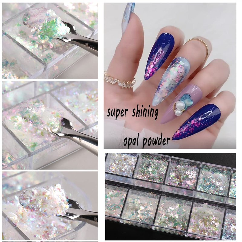 Holographic Opal Nail Art Glitter Flakes Powder Aurora Iridescent Pigment Ice Crystal Mermaid Paillettes Sparkly Sequins Design for Manicure Decoration Accessories 12 Grids
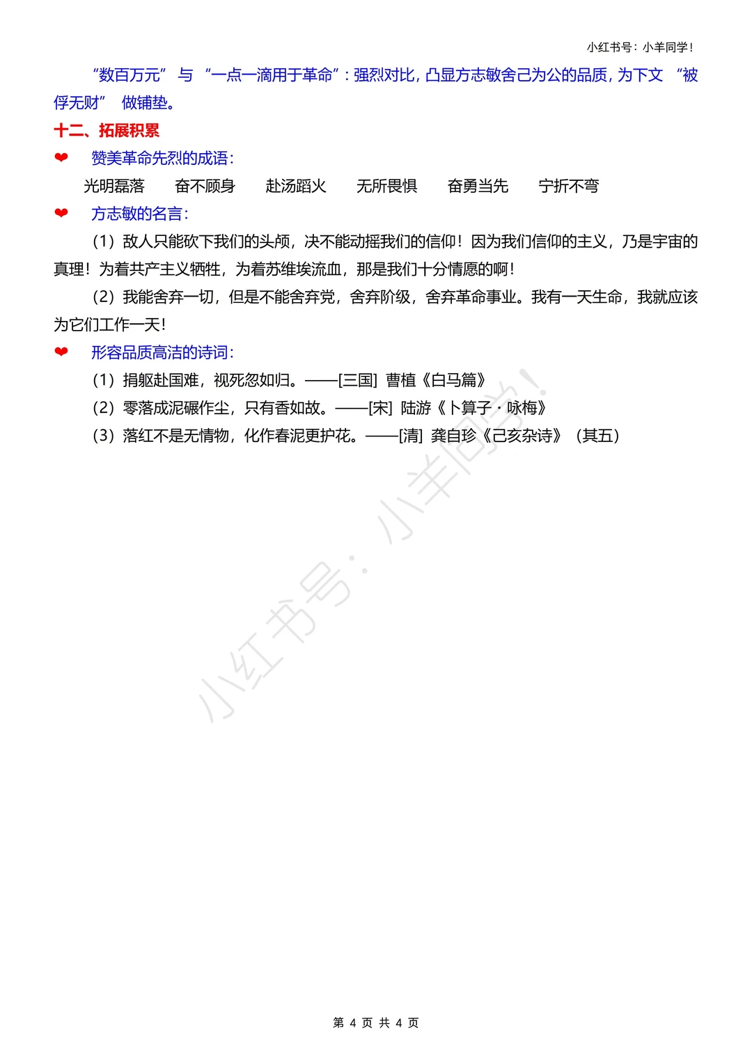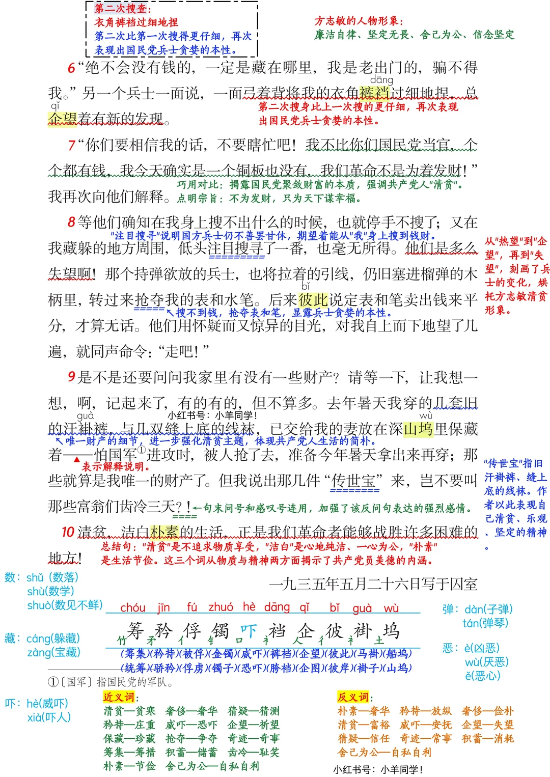 学会「抓人物语言 + 动作 + 神态描写」的方法,分析方志敏面对敌人时的心理变化,深刻感受他恪守清贫、廉洁奉公的高尚品格,这是课文必考的人物形象分析题哦~
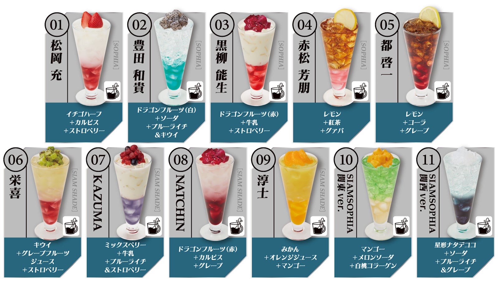 コラボドリンクは、「SIAMSOPHIA」をイメージした全11種をご用意します。
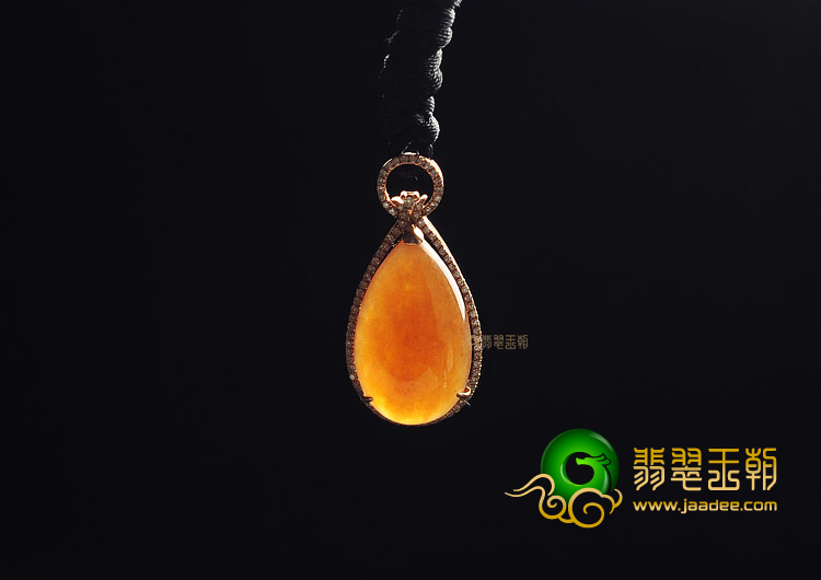 首页 >> 糯冰种红黄翡缅甸翡翠A货镶玫瑰金水滴胸坠(真钻)

> _About this task_
Transcribe the lines that run from the line bearing "学会「抓人物语言 + 动作" through the last line of the data. Keep the wording exact and leave out every picture.

> _Written solution_
 学会「抓人物语言 + 动作 + 神态描写」的方法,分析方志敏面对敌人时的心理变化,深刻感受他恪守清贫、廉洁奉公的高尚品格,这是课文必考的人物形象分析题哦~
 コラボドリンクは、「SIAMSOPHIA」をイメージした全11種をご用意します。
 首页 >> 糯冰种红黄翡缅甸翡翠A货镶玫瑰金水滴胸坠(真钻)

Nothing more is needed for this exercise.